Fixture through both press fit and the adhesive 6 achieves a greater fixing strength than fixture through only press fit. The more radially outward a position at which the impeller 330 and the rotor portion 320 are fixed to each other is, the greater the dimensional tolerance of the gap between the impeller 330 and the rotor portion 320 becomes. Accordingly, the gap between the impeller 330 and the rotor portion 320 may not be filled with the adhesive 6, and the strength with which the impeller 330 and the rotor portion 320 are fixed to each other may become so low that the impeller 330 may come off the rotor portion 320. Moreover, when the dimensional tolerance of the gap between the impeller 330 and the rotor portion 320 is great, concentricity of the impeller 330 may deteriorate to make it difficult for the impeller 330 to rotate stably. According to the present preferred embodiment, the joining portion 41 between the impeller 330 and the rotor portion 320 is arranged radially inward to facilitate the dimensional control of the gap between the impeller 330 and the rotor portion 320. The smaller the gap is in width, the more completely the gap is filled with the adhesive 6, and the strength with which the impeller 330 is fixed to the rotor portion 320 is increased. Therefore, arranging the joining portion 41 between the impeller 330 and the rotor portion 320 radially inward enables the gap between the impeller 330 and the rotor portion 320 to be more completely filled with the adhesive 6, and leads to an improvement in the strength with which the impeller 330 is fixed to the rotor portion 320.
In addition, arranging the joining portion 41 between the impeller 330 and the rotor portion 320 radially inward contributes to improving the concentricity of the impeller 330, and to stable rotation of the impeller 330. Accordingly, the fan 1 is able to achieve an improvement in the air volume characteristic.
Further, since an inner circumferential surface of the impeller 330 includes the plurality of groove portions 51 each of which is recessed radially outward, a wedge effect is produced with respect to the adhesive 6, and the strength with which the impeller 330 and the rotor portion 320 are fixed to each other is further improved.

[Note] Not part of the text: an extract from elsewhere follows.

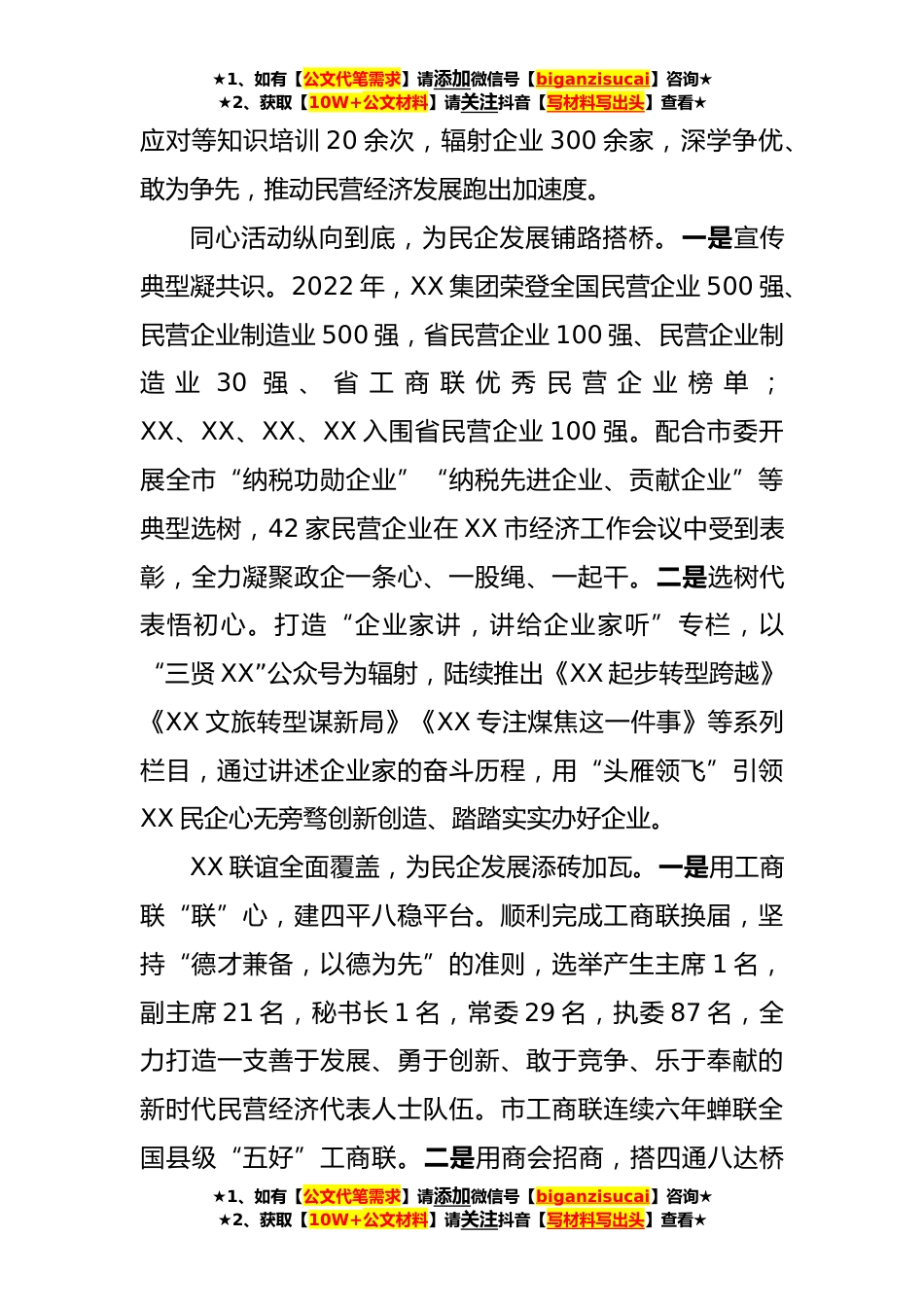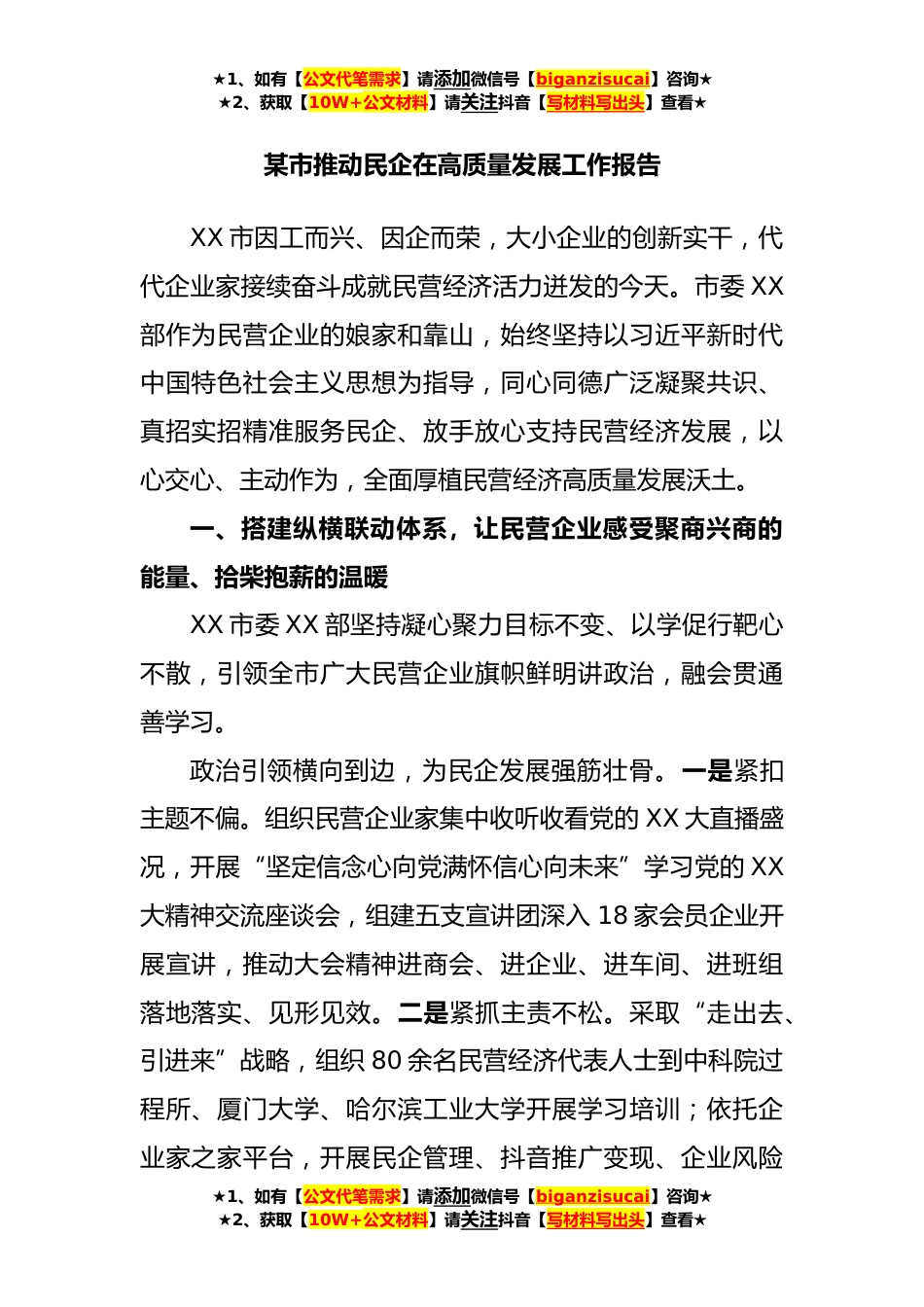★1、如有【公文代笔需求】请添加微信号【biganzisucai】咨询★★2、获取【10W+公文材料】请关注抖音【写材料写出头】查看★某市推动民企在高质量发展工作报告XX市因工而兴、因企而荣,大小企业的创新实干,代代企业家接续奋斗成就民营经济活力迸发的今天。市委XX部作为民营企业的娘家和靠山,始终坚持以习近平新时代中国特色社会主义思想为指导,同心同德广泛凝聚共识、真招实招精准服务民企、放手放心支持民营经济发展,以心交心、主动作为,全面厚植民营经济高质量发展沃土。一、搭建纵横联动体系,让民营企业感受聚商兴商的能量、拾柴抱薪的温暖XX市委XX部坚持凝心聚力目标不变、以学促行靶心不散,引领全市广大民营企业旗帜鲜明讲政治,融会贯通善学习。政治引领横向到边,为民企发展强筋壮骨。一是紧扣主题...

Since the bearing housing 211 has the bottom and is cylindrical, the amount of the lubricating oil in the bearing mechanism 200 can be improved, the degree of lubrication of the bearing portion 210 and the shaft 310 can be improved, and a life of the fan 1 can also be improved.
Since the seal portion 81 is defined between the bearing housing 211 and the rotor portion 320, and the surface of the lubricating oil is located in the seal portion 81, a reduction in evaporation of the lubricating oil is achieved. In particular, in the case where the fan 1 is arranged in the vicinity of a heat source inside an electronic device, heat from the heat source will increase the evaporation of the lubricating oil. According to the present preferred embodiment, since the surface of the lubricating oil is located in the seal portion 81, a reduction in the evaporation of the lubricating oil is achieved, and the life of the fan 1 is improved.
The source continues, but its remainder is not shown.